It is 1979 in Laos; and our featured banknote is published.
The national emblem on the banknote below, circular on the left, displays the hammer and sickle in the midst of traditional Laotian scenes. An artillery tank and a river gunboat flank a column of infantry marching towards the viewer.
750 years of monarchy ended with the Laotian civil war in 1975; and out banknote was issued just four years later. A new regime was in power, and their ideology adhered to communism’s ideals. Their banknote announces a readiness to defend themselves.
It was a bitter time in was a confusing era. Laos had transitioned from colonialism to independence in perhaps the worst way possible; they had become a pawn in a proxy war of new Cold War superpowers.
The ancient peoples of Laos became a colony to France in the late 19th century. French control continued into WW2 until Japanese power overran most of the Indochinese peninsula. With Japan’s defeat imminent, Laos proclaimed independence in 1945. But defeated France, rejuvenated through the allied victory in WW2 in 1945, moved to reassert its power and reestablish its colonial rule in Laos and the surrounding regions. Laos resisted but it was not until nine years later, in 1954, when France abandoned all claims to Laos.
That 9 year period saw the empowering of communist Soviet Union through their detonation of an atomic bomb in 1949 and the victory of the communist party in China under Mao in 1949.
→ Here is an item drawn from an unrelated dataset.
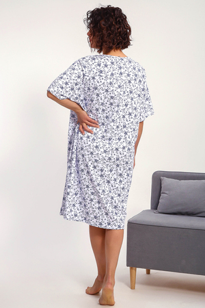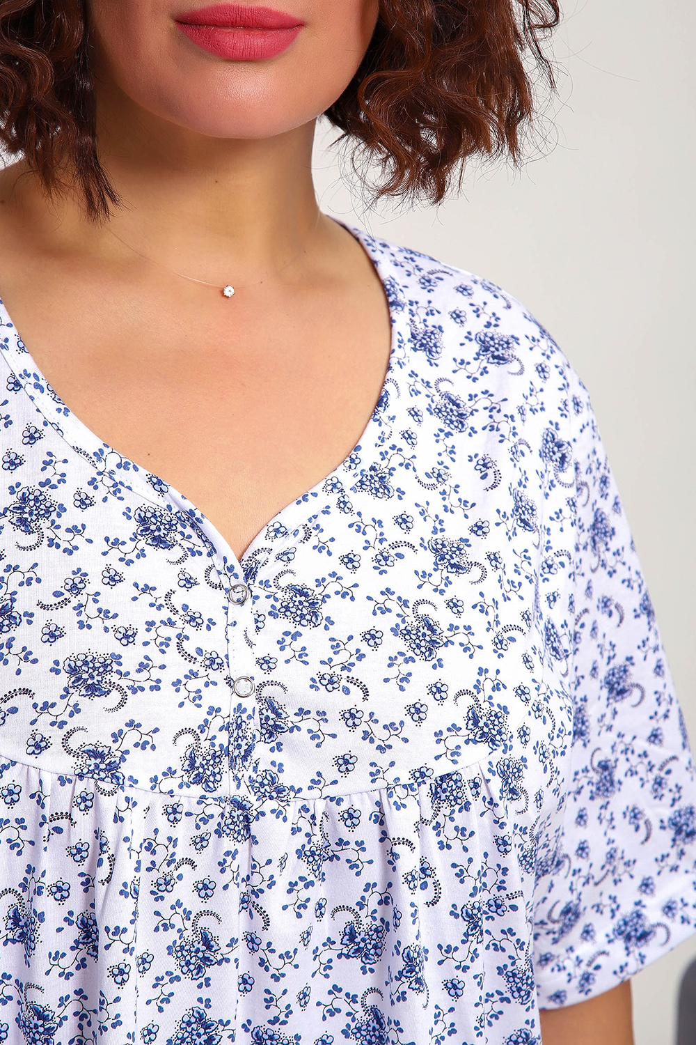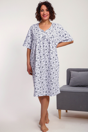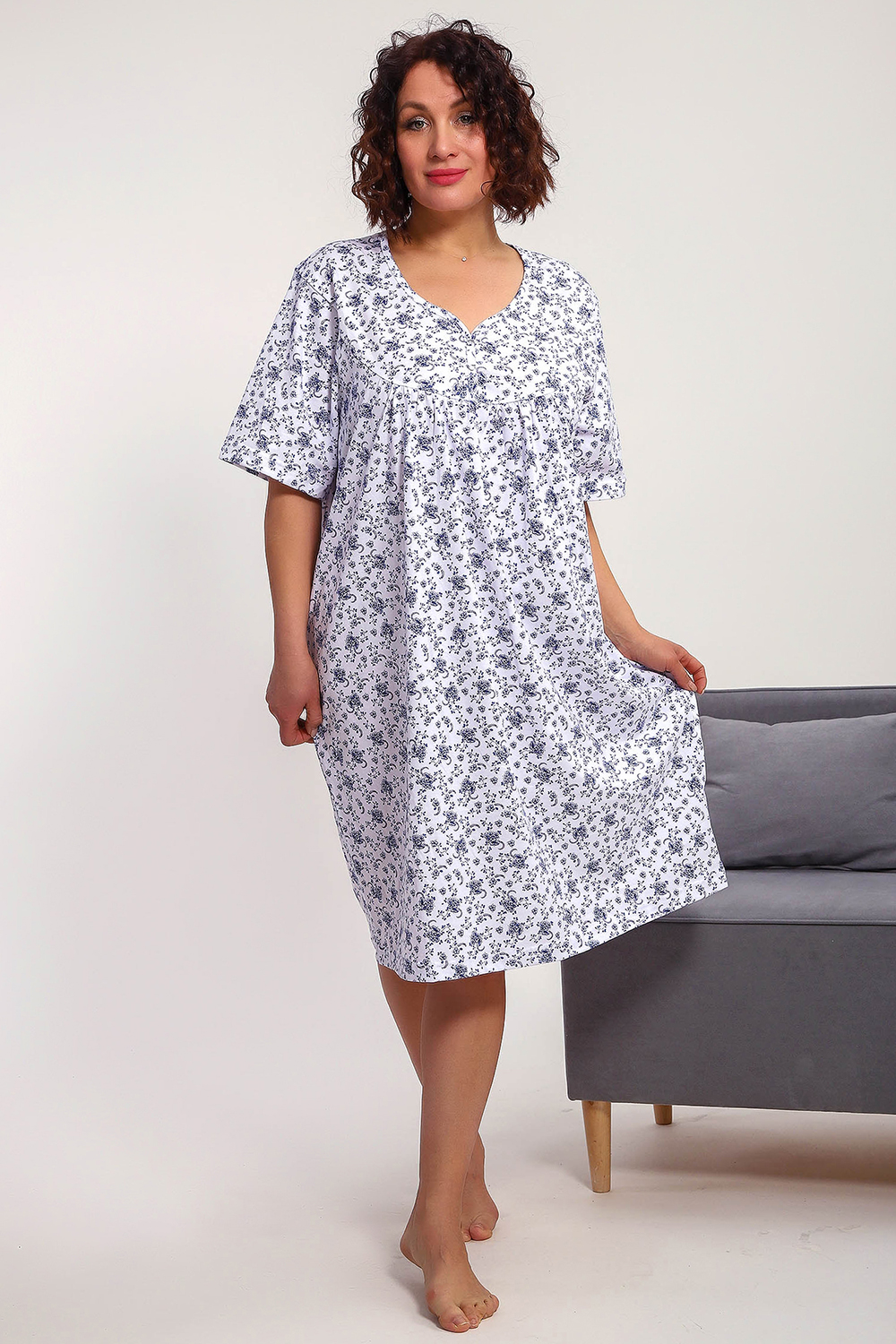 Сорочка женская с рукавом и кнопками. Данная модель выполнена из трикотажного полотна кулирка ( хлопок 100%). У данной модели полоска и спинка отрезная . Свободного покроя, не стесняет движения.

The United States thought appropriate to take a stand against communism in Laos’ neighbor, Vietnam, about this time. US foreign policy became known as “containment”. In 1958, North Vietnam invaded Laos to establish the Ho Chi Minh trail, the logistical supply route between North Vietnam and South Vietnam. With the escalation of the Vietnam War, this supply route became the subject of intense military fighting, and this region of Laos became the subject of possibly the most intense bombing in history.
To much of the world, Laos was an unknown nation. Centered in the middle of the Indochinese peninsula, Burma and Thailand on its left, Vietnam on its right, Cambodia below and China above, to much of the world, Laos remained lost in the monsoon nourished jungles, without access to the Sea, unknown to the modern world.
The other side of our banknote highlights ambitions in the textile industry. Massive rolls of cloth are being manufactured by modern machinery in this tribute to a growing manufacturing base.
From this industry post: Growth in the Lao textile and garment industry has been impressive from a base of only two companies in 1990 to 116 in 2006 employing 30,000 workers. Laos became a market-oriented economy in the mid-1980s, meaning it had a short learning curve to pick up the basics about the industry.
From a WTO report (approximately year 2004): The textile and garment industry is of great importance to the Lao economy. Currently, the industry comprises ninety-six factories and employs more than 25,000 workers. In 2003, garment exports, valued at US$115 million, accounted for approximately a third of total exports, second to electricity. Laos exports ready-made garments to forty-two countries.